I am trying to understand the identity in 2.6 of the following article, in which we have random variables $X \in \mathbb{R}, Y\in \mathbb{R}$ and $Z \in \mathbb{R}^{p-1}$. They define the conditional mean function $$ \mu^* := \mu^*(X,Z) = \mathbb{E}[Y|X,Z] $$ and some estimate of $\mu^*$, denoted $\mu := \mu(X,Z)$. They then claim that \begin{align*} \mathbb{E} [\text{Cov}(\mu^*, \mu|Z)] = \mathbb{E}[Y(\mu - \mathbb{E}[\mu|Z])] \end{align*} which I would like to prove. Using the law of iterated covariances, we have for random variables $A,B,C$ \begin{align*} \text{Cov}(A,B) = \mathbb{E}(\text{Cov}(A,B|C)) - \text{Cov}(\mathbb{E}(A|C), \mathbb{E}(B|C)), \end{align*} and so we can rewrite \begin{align*} \mathbb{E} [\text{Cov}(\mu^*, \mu|Z)] &= \text{Cov}(\mu, \mu^*) + \text{Cov}((\mathbb{E}(\mu^*|Z), \mathbb{E}(\mu|Z))) \end{align*}
Then, considering the terms separately. We have \begin{align*} \text{Cov}(\mu, \mu^*) &= \mathbb{E} ( \mathbb{E}[Y|X,Z] \mu) - \mathbb{E}[\mathbb{E}[Y|X,Z]] \mathbb{E}[\mu]\\ &=\mathbb{E}[Y \mu] - \mathbb{E}[Y]\mathbb{E}[\mu] \end{align*} For the second term, we have \begin{align*} \text{Cov}((\mathbb{E}(\mu^*|Z), \mathbb{E}(\mu|Z))) &=\mathbb{E}( \mathbb{E}[\mu^*|Z] \mathbb{E}[\mu|Z]) - \mathbb{E}[\mathbb{E}[\mu^*|Z]]\mathbb{E}[\mathbb{E}[\mu|Z]]\\ &=\mathbb{E}( \mathbb{E}[Y|Z] \mathbb{E}[\mu|Z]) - \mathbb{E}[\mathbb{E}[Y|Z]]\mathbb{E}[\mathbb{E}[\mu|Z]]\\ &=\mathbb{E}( Y \mathbb{E}[\mu|Z]) - Y\mathbb{E}[\mathbb{E}[\mu|Z]]\\ &=\mathbb{E}( Y \mathbb{E}[\mu|Z]) - Y\mathbb{E}[\mu]\\ \end{align*}
So putting these together yields \begin{align*} \mathbb{E}[Y \mu] - \mathbb{E}[Y]\mathbb{E}[\mu] +\ \mathbb{E}( Y \mathbb{E}[\mu|Z]) - Y\mathbb{E}[\mu] \end{align*} which doesn't give the right answer. Can someone point out where I've gone wrong, or suggest an easier proof?

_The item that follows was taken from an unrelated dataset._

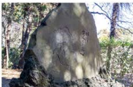
芋銭記念館の周辺には「河童の碑」など散策スポットが

Your error occurs in simplification of the expression $$\mathbb{E}( \mathbb{E}[Y|Z] \mathbb{E}[\mu|Z]) - \mathbb{E}[\mathbb{E}[Y|Z]]\mathbb{E}[\mathbb{E}[\mu|Z]].$$ The first factor in the rightmost term simplifies to $\mathbb{E}[Y]$, not $Y$. Fixing this should yield the claimed result.
A quicker proof applies the definition of covariance, but conditioned on $Z$: $$ \operatorname{Cov}(\mu,\mu^*\mid Z)=\mathbb{E}(\mu^*\mu\mid Z) - \mathbb{E}(\mu^*\mid Z)\mathbb{E}(\mu\mid Z).$$ Taking expectation of both sides yields $$\mathbb{E}[\operatorname{Cov}(\mu,\mu^*\mid Z)]=\mathbb{E}[Y\mu]-\mathbb{E}[Y\mathbb{E}[\mu\mid Z)],$$ using the same arguments as you've made, but avoiding having to add and subtract $\mathbb{E}[Y]\mathbb{E}[\mu]$.